Flaring emissions from gas and oil production are a worldwide problem. Part of the U.S. contribution comes from the northern Great Plains states, as seen by a NASA satellite.
Top oil-producing nations, including the Russian Federation, Kazakhstan and Angola, as well as Royal Dutch Shell PLC and other companies say they will stop flaring natural gas by 2030 as part of a landmark agreement with the World Bank.
The deal was unveiled this morning during the World Bank's Spring Meetings, where leaders said the voluntary agreement will curb 40 percent of the global gas flaring that results in 300 million tons of carbon dioxide emissions annually.
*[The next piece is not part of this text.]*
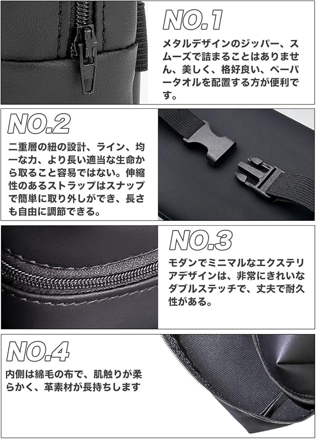 [高品質素材] ティッシュボックスの外側は、ソフトで肌触りの良いレザーを使用しています。 ティッシュボックスの内側にはベルベットを使用し、ティッシュを取り出す際の摩擦を和らげ、ティッシュを傷つけません。 また、ベルベットの吸着性により、ティッシュボックスの中でティッシュが安定し、でこぼこ道でもティッシュがずれにくくなっています。

"Gas flaring is a visual reminder that we are wastefully sending CO2 into the atmosphere," said World Bank President Jim Yong Kim in a statement. "Together we can take concrete action to end flaring and to use this valuable natural resource to light the darkness for those without electricity."
The agreement by nine oil-producing countries, nine major oil-producing companies and all six global development banks calls routine gas flaring "unsustainable." Under it, they agreed to cooperate to eliminate flaring "as soon as possible, and no later than 2030," while also publicly reporting their progress toward the target annually. They also pledged that routine flaring will not occur in new oil field developments.
"As we head towards the adoption of a meaningful new international climate agreement in Paris in December, these countries and companies are demonstrating real climate action," said U.N. Secretary-General Ban Ki-moon. "Reducing gas flaring can make a significant contribution towards mitigating climate change. I appeal to all oil-producing countries and companies to join this important initiative."
Flaring occurs when unwanted natural gas released in oil extraction is burned, and according to the Department of Energy's Carbon Dioxide Information Analysis Center, it accounts for 1 percent of global greenhouse gas emissions.
But experts say the pollutants it emits, like methane and black carbon, also contribute to the melting of the polar ice caps as well as local health problems, particularly in developing nations. Plus, they say, it's a waste of energy that could be used.
A relatively easy win for the planet
"Even though it has been declining over the past several years, we thought it was necessary to speed up the reduction," said Bjorn Hamso, the World Bank's program manager for the Global Gas Flaring Reduction partnership.
The bank also has its eye on U.N. climate change negotiations expected to deliver a global deal in Paris in December. Under the deal, all nations, including developing countries, will be expected to contribute to curbing emissions.
"We think that to eliminate routine gas flaring is the low-hanging fruit on the climate agenda," Hamso said. "Oil-producing countries who decide to join us in this effort, they can make that CO2 reduction part of their contribution to the negotiations in Paris."
Russia is the world's top flarer, followed by Nigeria and Iran, according to the World Bank. The United States ranks fifth, but authorities say flaring has grown sharply because of the boom in oil and gas production. The United States is part of the World Bank's partnership but not of today's agreement to end flaring. Hamso said he believes Nigeria will join the pact when its newly elected government settles in.
Also part of the World Bank agreement are: Norway, Cameroon, Gabon, Uzbekistan, the Republic of Congo, France, the Kuwait Oil Co., Société Nationale des Pétroles du Congo (SNPC), Petroamazonas EP (Ecuador), the State Oil Company of the Azerbaijan Republic (SOCAR), Société Nationale des Hydrocarbures (SNH-Cameroon), Italian multinational oil and gas company Eni, Norwegian multinational oil and gas company Statoil, and French multinational oil and gas company Total.
Jorma Ollila, chairman of Royal Dutch Shell, called on all governments to support the initiative. "Ending routine flaring is a practical way to lower CO2 emissions while meeting the world's energy needs," he said.